* [COLLECTED DATA]
☆ ☆ ☆ ☆
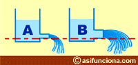 Analogía hidráulica. El tubo del depósito "A", al tener un diámetro reducido, ofrece más resistencia a< la salida del líquido que el tubo del tanque "B", que tiene mayor diámetro. Por tanto, el caudal o cantidad. de agua que sale por el tubo "B" será mayor que la que sale por el tubo "A".
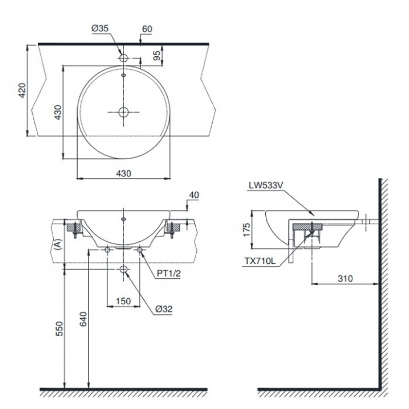 Gợi ý vòi nước kết hợp: Vòi nóng lạnh (đã gồm chặn nước và dây cấp) TLS02303V, TLS01304V, TLG04304V, ...- Ống thải nước: TVLF401
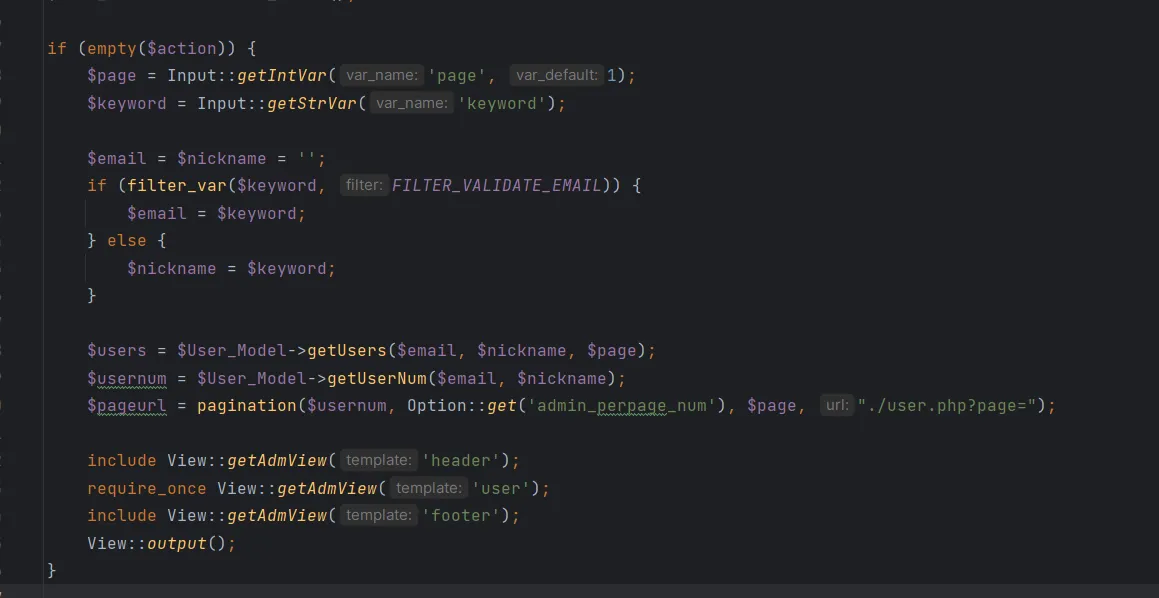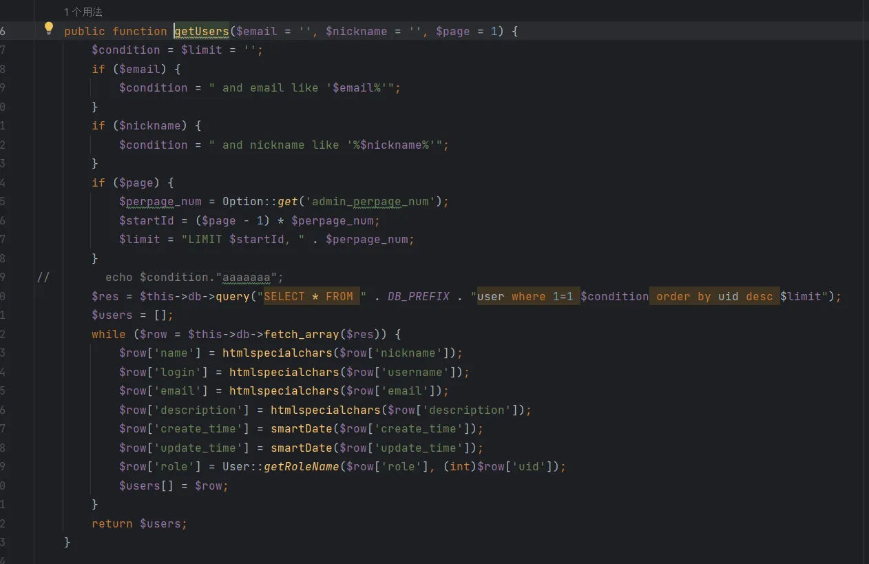1 | $users = $User_Model->getUsers($email, $nickname, $page); |
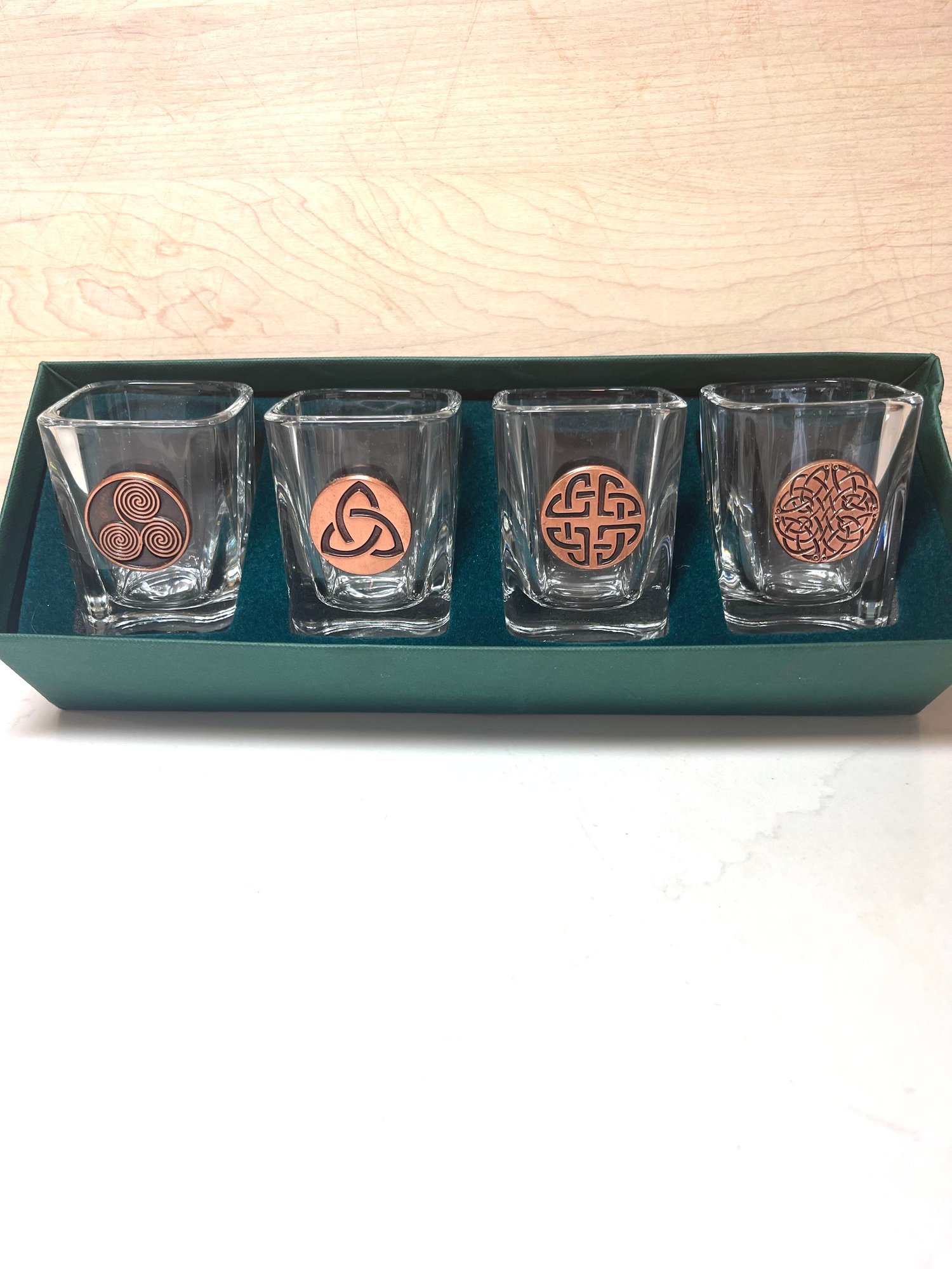 Celtic Shot Glasses. Weighted Square W/ Copper Celtic Symbol, The Robert Emmet Co.
☆ ☆ ☆ ☆
Could you write out the whole listing exactly, skipping every picture?

 Analogía hidráulica. El tubo del depósito "A", al tener un diámetro reducido, ofrece más resistencia a< la salida del líquido que el tubo del tanque "B", que tiene mayor diámetro. Por tanto, el caudal o cantidad. de agua que sale por el tubo "B" será mayor que la que sale por el tubo "A".
 Gợi ý vòi nước kết hợp: Vòi nóng lạnh (đã gồm chặn nước và dây cấp) TLS02303V, TLS01304V, TLG04304V, ...- Ống thải nước: TVLF401
1 | $users = $User_Model->getUsers($email, $nickname, $page); |
 Celtic Shot Glasses. Weighted Square W/ Copper Celtic Symbol, The Robert Emmet Co.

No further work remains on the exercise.